- [INSTRUCTIONS FOR THE TASK]: What you output must be the exact lines from the first line of the data through the one holding "(a) Using SST, connect", with no pictures.

Collected data:
__________

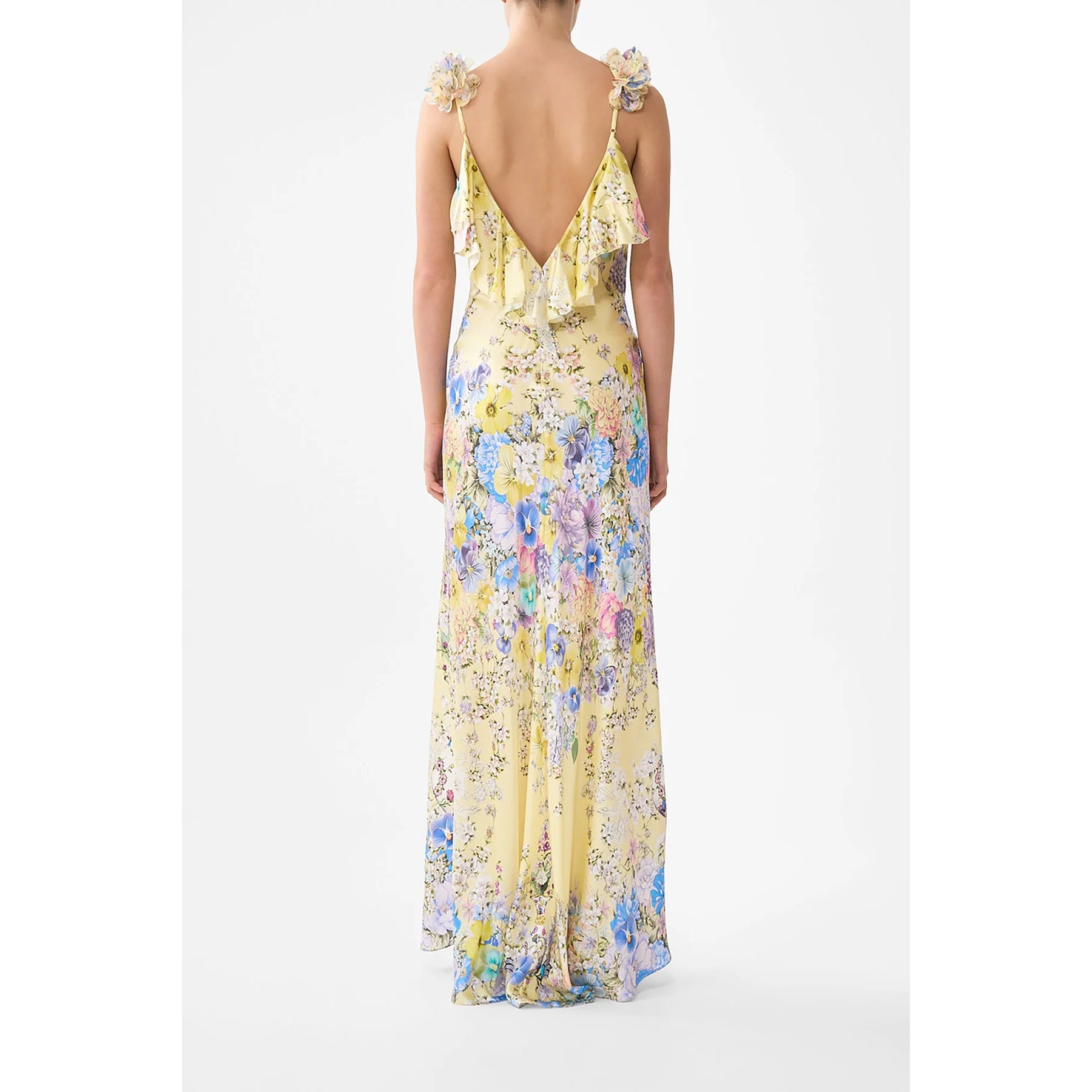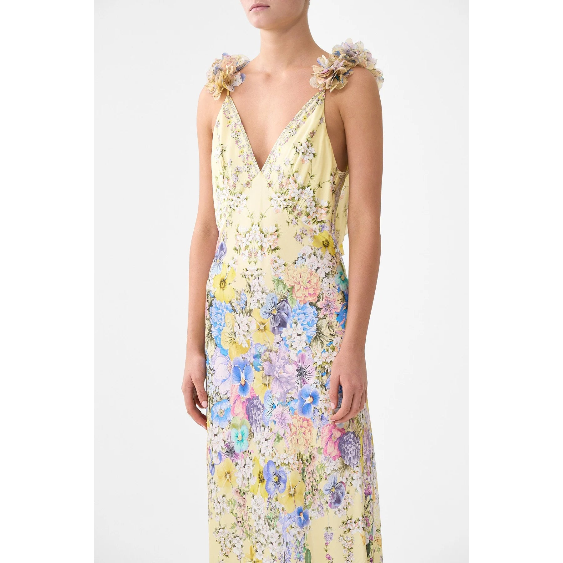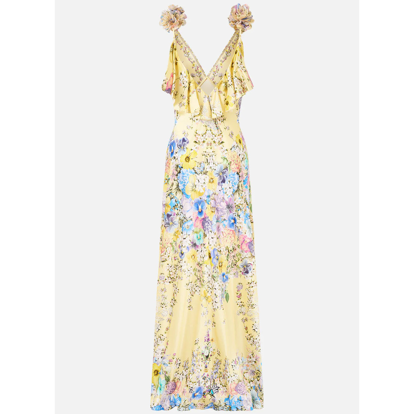 The Darling Buds V Neck Bias Slip Dress With Back Frill is a handcrafted silk silhouette designed by Camilla's in house artisans. Reimagined in an exclusive limited edition print, this sumptuous slip dress is cut on the bias to accentuate the natural curves of the feminine form. It features a V neckline and low back with ruffle detailing, while 3D silk flowers and intricately placed crystal embellishments add decadent accents to this opulent piece.
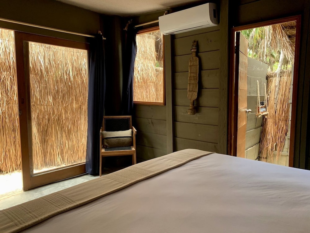 Nydelig lite hotell på stranden lengst sør på Tulum beach, i naturreservatet. Trenger ikke sko, går i sanden. 7 små hytter, 14 sengeplasser. Veldig koselig. Stille og rolig.
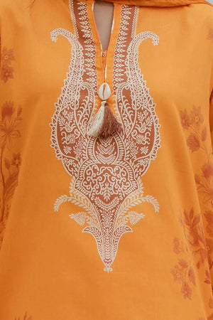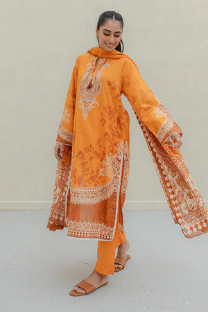 Home Brands Zellbury Orange Lawn 3PC Suit – Printed Kurta, Trouser & Dupatta
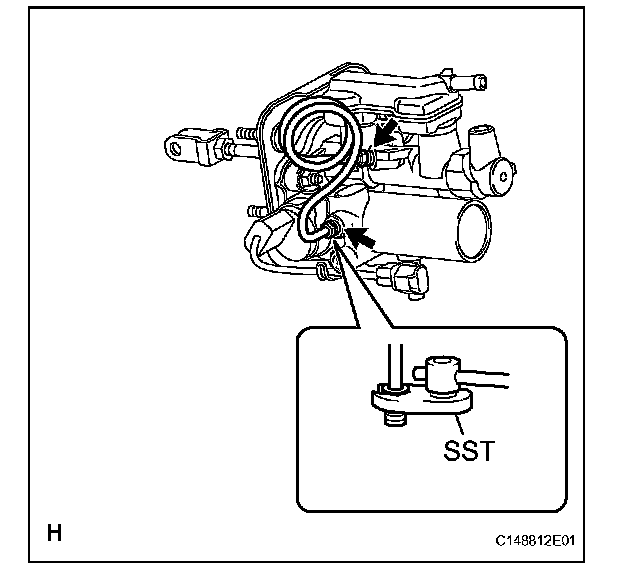 (a) Using SST, connect the brake stroke simulator tube to the brake master cylinder with simulator.
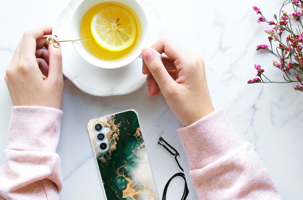 Wist je dat het design marmer zwart het meest verkochte hoesje is? Om onze collectie stenen uit te breiden hebben we het design marmer groen toegevoegd om jouw Samsung Galaxy A54 5G nog meer op te laten vallen. Dit marmer groene design wordt geprint op een Anti-Shock Hoesje. Het ligt prettig in de hand en is licht van gewicht. Ook fijn zijn de extra dikke hoeken en randen, waardoor je Samsung Galaxy A54 5G goed beschermd is bij een val. Alleen de achterkant van je telefoon wordt beschermd. Daarom adviseren wij om dit hoesje in combinatie met een screenprotector te gebruiken. Bestel vandaag nog met dit telefoonhoesje met toffe marmer design hoesje!
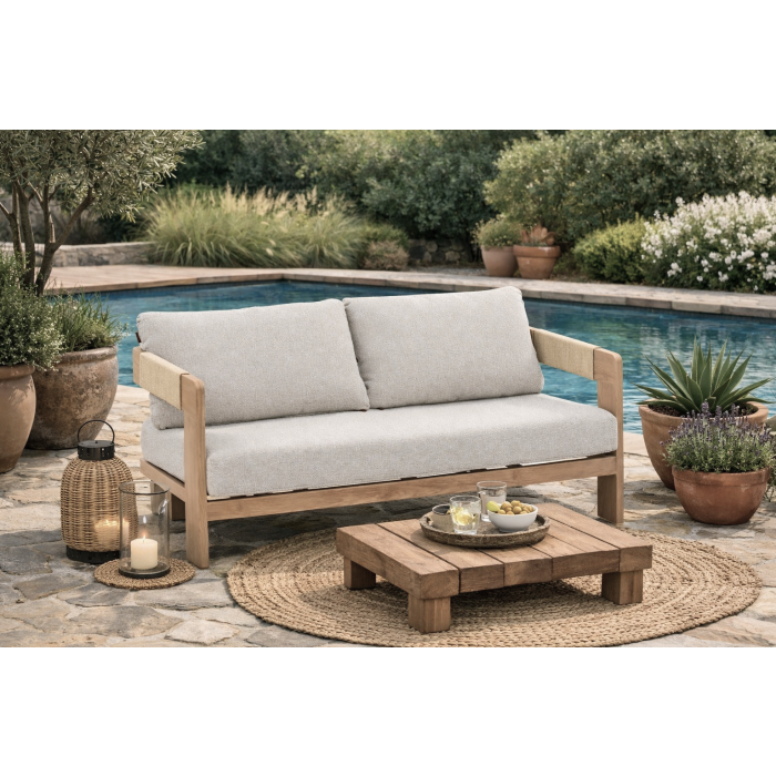 DIVANO 2P DA ESTERNO ORYNA IN ALLUMINIO EFFETTO LEGNO MIELE E MELANGE BEIGE

__________

- [RESULT FOR THIS EXERCISE]:
 The Darling Buds V Neck Bias Slip Dress With Back Frill is a handcrafted silk silhouette designed by Camilla's in house artisans. Reimagined in an exclusive limited edition print, this sumptuous slip dress is cut on the bias to accentuate the natural curves of the feminine form. It features a V neckline and low back with ruffle detailing, while 3D silk flowers and intricately placed crystal embellishments add decadent accents to this opulent piece.
 Nydelig lite hotell på stranden lengst sør på Tulum beach, i naturreservatet. Trenger ikke sko, går i sanden. 7 små hytter, 14 sengeplasser. Veldig koselig. Stille og rolig.
 Home Brands Zellbury Orange Lawn 3PC Suit – Printed Kurta, Trouser & Dupatta
 (a) Using SST, connect the brake stroke simulator tube to the brake master cylinder with simulator.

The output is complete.